How Wild Is Our National Environmental Policy?

By Greg Prosen

 

Aldo Leopold wrestled with the concept that with every loss of wilderness we suffer a loss of part of our American heritage.  Just over four score past, in lamenting the ever diminishing wilderness, he wrote: "Shall we now exterminate this thing that makes us American?" Leopold's concern apparently has been lost on our nation's leaders and lawmakers.

 

Congress set forth our national environmental policy in an Act which declared, in part, that the Federal Government must act responsibly ("consistent with other considerations of National policy" (and therein lies the rub!!)) so "that the Nation may preserve important historic, cultural, and natural aspects of our national heritage..."  Although Congress thus recognized somewhat obliquely this need to preserve the Wild, it leaves protection of the Wild to be considered as one of the many factors in the environmental impact statement process.  It would appear, however, that sluiced concern for Wilderness, more often than not, is only lost in the more turbid undercurrents of National policy.  In the end, after all the shouting is over, the Wilderness takes a back seat to other overriding needs of society.  True, the National Environmental Policy Act (NEPA), has provided environmentalists with a forum to vent their frustration over the loss of Wilderness, but it does not specifically enunciate a distinct policy, nor mechanism, to protect at least even part of our remaining vestiges of Wilderness areas.  Instead we are left with balancing such needed preservation against our insatiable appetite to devour national resources.  The need to preserve Wilderness must be a keystone of our national environmental policy.

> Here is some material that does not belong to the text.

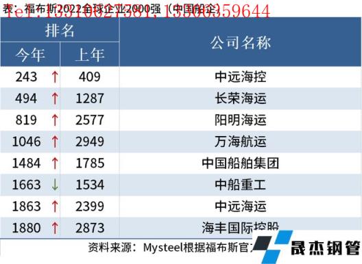 免責聲明:本網站(山東聊城晟杰無縫鋼管廠www.ginginbaby.com)刊載的“:中國8家船企上榜福布斯2022全球企業(yè)2000強”等均源于網絡,版權歸原作者所有,且僅代表原作者觀點,本文所載信息僅供參考。轉載僅為學習與交流之目的,如無意中侵犯您的合法權益,請及時聯系刪除。本網站刊登此篇文章并不意味著本站贊同其觀點或證實其內容的真實性,我們不對其科學性、嚴肅性等作任何形式的保證。如果侵犯了您的版權,請盡快聯系我們予以撤銷,謝謝合作!
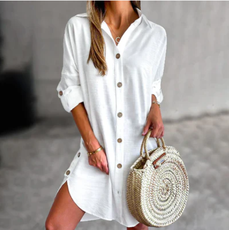 Sofia - shirt dress beach pearl linen

It may be said that the Endangered Species Act assuages our need of Wild, but must we totter on the brink of extirpation of a species, often within the shadow of urban towers, before our anguished outcry be heard?  Only Wilderness can truly beget Wild things.

 

There is presently convened at Washington D.C. a task force, appointed by the House Resources Committee, considering whether any changes are warranted to be made to the NEPA.  It is feared that competing interests may be now lobbying change to ameliorate the great cost and trouble to which they are put each time the necessity for an environmental impact statement raises what they perceive an ugly head.  Although so portrayed as a head to be laid upon the block, it provides the only vigil we have against the increasing inroads into Wilderness and must remain held high.

 

Now is the time to share your concern with Leopold, by exercising your First Amendment right of petition and writing your Congressman, Senator, or even G.W. himself, praying that NEPA be expanded to explicitly provide for protection of Wilderness.  NEPA, in its present form, represents the minimal bastion against further erosion of Wilderness and must not be diluted by pandering to economic interests. TU's mission to conserve, protect, and restore North American cold water fisheries and their watersheds certainly compels the need for strong commentary not only to preserve NEPA, but to further buttress it against ever increasing incursions into our Wilderness.  To ignore Wilderness threatens the very heart of our National Identity.